> [Items listed in a dataset]
####
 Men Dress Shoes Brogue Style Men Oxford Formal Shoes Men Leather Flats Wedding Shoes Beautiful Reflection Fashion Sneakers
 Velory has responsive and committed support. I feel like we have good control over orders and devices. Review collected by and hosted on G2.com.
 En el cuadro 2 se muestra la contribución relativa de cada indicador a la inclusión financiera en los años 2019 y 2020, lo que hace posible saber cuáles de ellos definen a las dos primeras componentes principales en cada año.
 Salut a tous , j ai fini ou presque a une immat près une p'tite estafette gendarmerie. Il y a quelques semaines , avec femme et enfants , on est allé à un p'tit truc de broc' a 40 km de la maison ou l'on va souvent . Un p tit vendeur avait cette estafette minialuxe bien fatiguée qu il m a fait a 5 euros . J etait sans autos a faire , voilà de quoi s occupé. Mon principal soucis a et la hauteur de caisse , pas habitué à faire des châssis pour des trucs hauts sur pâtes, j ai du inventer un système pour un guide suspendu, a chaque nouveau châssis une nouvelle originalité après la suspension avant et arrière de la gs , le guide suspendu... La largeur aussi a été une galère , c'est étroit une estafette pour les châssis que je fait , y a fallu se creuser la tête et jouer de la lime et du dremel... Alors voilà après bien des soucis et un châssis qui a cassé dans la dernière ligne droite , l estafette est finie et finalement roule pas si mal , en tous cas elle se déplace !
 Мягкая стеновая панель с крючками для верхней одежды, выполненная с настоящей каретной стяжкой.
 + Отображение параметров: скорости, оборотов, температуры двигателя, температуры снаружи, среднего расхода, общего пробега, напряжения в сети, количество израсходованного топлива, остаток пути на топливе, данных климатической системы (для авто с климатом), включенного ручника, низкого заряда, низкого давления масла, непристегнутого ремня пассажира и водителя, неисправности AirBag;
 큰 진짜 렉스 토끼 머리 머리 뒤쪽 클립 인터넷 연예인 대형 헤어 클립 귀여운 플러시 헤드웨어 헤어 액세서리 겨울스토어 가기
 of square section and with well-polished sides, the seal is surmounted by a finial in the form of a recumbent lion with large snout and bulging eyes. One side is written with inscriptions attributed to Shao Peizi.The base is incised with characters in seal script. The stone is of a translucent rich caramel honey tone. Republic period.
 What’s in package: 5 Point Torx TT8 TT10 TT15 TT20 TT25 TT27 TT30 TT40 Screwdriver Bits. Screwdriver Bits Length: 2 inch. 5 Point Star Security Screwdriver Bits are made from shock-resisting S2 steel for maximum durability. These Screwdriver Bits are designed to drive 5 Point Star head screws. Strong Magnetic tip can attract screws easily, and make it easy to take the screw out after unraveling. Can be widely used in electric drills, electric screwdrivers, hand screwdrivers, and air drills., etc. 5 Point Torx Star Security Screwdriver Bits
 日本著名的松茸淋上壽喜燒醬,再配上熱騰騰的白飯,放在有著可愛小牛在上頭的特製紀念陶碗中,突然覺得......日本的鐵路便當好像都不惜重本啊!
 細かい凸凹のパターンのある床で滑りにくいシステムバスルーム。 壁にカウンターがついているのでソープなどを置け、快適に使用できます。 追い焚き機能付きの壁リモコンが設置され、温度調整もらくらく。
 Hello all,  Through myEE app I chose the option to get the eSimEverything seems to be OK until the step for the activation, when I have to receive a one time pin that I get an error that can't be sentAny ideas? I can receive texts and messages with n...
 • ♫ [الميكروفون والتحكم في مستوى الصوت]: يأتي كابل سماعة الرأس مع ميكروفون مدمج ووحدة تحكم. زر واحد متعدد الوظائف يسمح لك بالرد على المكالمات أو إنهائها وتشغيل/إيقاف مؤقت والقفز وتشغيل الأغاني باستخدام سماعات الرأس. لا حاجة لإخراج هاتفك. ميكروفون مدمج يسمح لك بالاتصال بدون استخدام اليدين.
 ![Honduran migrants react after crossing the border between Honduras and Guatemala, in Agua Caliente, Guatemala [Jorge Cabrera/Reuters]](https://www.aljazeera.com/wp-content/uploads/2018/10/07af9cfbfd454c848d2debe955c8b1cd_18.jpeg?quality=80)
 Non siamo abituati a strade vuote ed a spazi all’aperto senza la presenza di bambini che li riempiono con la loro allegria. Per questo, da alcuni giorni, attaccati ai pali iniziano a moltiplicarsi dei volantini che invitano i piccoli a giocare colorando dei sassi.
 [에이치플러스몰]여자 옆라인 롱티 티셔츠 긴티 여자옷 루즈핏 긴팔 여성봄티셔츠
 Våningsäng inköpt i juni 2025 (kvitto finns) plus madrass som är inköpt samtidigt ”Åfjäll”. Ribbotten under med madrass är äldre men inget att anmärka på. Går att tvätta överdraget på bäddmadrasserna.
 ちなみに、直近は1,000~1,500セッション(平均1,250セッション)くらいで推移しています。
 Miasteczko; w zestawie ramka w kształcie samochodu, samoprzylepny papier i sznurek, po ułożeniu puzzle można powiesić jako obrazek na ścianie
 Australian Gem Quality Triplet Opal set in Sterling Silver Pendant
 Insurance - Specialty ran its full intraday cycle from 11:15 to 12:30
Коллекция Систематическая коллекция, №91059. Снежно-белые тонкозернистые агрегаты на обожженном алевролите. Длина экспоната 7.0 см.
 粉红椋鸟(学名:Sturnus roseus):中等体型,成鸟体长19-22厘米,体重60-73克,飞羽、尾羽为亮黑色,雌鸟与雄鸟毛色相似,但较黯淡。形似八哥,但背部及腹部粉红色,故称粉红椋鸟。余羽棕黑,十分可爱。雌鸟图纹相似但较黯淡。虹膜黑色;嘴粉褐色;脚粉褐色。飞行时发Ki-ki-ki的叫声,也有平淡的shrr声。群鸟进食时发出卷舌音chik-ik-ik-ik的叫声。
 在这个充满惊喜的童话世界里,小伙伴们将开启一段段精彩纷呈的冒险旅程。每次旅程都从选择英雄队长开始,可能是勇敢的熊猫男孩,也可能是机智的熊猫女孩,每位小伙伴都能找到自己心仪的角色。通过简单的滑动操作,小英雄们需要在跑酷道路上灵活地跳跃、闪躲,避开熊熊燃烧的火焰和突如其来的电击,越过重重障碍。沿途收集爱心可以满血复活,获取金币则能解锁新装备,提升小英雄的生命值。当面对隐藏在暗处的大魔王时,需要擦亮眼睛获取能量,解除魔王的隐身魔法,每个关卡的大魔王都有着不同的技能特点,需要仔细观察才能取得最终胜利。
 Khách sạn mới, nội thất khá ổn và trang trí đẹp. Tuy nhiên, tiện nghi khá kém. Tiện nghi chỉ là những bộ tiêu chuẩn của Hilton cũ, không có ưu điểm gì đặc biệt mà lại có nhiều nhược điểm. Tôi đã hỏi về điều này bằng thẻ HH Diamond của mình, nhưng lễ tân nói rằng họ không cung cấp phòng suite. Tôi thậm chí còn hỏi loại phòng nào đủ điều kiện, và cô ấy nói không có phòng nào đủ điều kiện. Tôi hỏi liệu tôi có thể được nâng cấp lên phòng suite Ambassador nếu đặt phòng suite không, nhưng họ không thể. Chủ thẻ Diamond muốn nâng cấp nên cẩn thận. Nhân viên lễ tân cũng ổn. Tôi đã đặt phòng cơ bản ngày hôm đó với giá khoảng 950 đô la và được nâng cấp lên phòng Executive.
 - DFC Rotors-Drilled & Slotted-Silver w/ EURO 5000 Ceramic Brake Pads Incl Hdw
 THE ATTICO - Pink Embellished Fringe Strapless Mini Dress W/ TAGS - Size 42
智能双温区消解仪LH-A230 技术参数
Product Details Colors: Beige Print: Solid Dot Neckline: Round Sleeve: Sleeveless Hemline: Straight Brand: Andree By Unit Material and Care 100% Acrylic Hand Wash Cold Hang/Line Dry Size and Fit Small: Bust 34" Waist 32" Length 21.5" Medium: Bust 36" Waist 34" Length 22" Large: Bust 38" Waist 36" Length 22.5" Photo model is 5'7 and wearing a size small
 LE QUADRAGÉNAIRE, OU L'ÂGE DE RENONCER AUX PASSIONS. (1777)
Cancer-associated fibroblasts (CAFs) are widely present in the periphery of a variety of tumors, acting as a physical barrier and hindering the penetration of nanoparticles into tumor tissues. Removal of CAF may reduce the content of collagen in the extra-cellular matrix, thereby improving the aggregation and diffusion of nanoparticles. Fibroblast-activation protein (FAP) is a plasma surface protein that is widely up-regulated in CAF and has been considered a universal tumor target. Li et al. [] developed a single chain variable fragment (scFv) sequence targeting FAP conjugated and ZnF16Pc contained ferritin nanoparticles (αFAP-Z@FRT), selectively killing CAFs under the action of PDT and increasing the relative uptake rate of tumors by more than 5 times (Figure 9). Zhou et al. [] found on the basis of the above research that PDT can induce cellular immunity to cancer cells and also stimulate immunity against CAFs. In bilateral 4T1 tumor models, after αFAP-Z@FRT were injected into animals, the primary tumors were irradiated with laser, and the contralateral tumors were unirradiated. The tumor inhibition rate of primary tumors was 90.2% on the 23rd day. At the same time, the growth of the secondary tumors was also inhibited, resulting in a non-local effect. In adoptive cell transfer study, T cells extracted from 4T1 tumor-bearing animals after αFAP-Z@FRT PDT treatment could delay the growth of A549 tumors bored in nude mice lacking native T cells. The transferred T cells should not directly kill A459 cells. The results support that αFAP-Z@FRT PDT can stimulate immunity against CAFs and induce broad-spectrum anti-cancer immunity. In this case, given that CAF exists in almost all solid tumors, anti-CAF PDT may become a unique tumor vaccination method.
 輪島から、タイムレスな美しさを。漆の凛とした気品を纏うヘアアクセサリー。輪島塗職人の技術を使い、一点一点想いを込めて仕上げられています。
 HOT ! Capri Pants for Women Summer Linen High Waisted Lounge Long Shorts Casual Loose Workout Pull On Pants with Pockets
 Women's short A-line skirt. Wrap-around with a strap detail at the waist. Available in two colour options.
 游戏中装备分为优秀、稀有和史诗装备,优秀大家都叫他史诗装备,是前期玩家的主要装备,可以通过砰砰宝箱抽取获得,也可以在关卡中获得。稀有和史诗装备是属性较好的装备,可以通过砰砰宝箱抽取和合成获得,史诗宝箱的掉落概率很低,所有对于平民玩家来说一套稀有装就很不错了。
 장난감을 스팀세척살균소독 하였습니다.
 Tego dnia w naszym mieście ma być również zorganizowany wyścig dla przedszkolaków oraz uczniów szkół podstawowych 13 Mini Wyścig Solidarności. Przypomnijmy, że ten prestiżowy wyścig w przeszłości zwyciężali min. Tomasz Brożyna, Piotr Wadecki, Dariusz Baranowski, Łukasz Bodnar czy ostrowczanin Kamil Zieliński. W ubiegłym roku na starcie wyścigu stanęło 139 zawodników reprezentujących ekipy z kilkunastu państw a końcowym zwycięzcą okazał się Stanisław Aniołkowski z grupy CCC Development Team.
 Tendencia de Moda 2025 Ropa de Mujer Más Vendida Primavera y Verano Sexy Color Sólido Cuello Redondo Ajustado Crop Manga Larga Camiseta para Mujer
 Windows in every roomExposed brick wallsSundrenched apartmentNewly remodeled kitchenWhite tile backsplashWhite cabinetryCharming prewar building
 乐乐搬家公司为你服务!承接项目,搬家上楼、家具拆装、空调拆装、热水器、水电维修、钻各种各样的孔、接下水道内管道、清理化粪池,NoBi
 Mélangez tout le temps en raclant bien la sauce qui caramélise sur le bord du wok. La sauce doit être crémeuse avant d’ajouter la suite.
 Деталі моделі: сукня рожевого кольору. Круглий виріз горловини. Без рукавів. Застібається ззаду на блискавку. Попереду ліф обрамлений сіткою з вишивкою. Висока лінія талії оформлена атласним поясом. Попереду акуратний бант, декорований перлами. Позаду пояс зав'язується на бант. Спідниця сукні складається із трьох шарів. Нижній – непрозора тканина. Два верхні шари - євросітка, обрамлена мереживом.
####
Your answer must consist solely of the lines above between the line holding "THE ATTICO - Pink" and the line holding "LE QUADRAGÉNAIRE, OU", inclusive, copied exactly.

 THE ATTICO - Pink Embellished Fringe Strapless Mini Dress W/ TAGS - Size 42
智能双温区消解仪LH-A230 技术参数
Product Details Colors: Beige Print: Solid Dot Neckline: Round Sleeve: Sleeveless Hemline: Straight Brand: Andree By Unit Material and Care 100% Acrylic Hand Wash Cold Hang/Line Dry Size and Fit Small: Bust 34" Waist 32" Length 21.5" Medium: Bust 36" Waist 34" Length 22" Large: Bust 38" Waist 36" Length 22.5" Photo model is 5'7 and wearing a size small
 LE QUADRAGÉNAIRE, OU L'ÂGE DE RENONCER AUX PASSIONS. (1777)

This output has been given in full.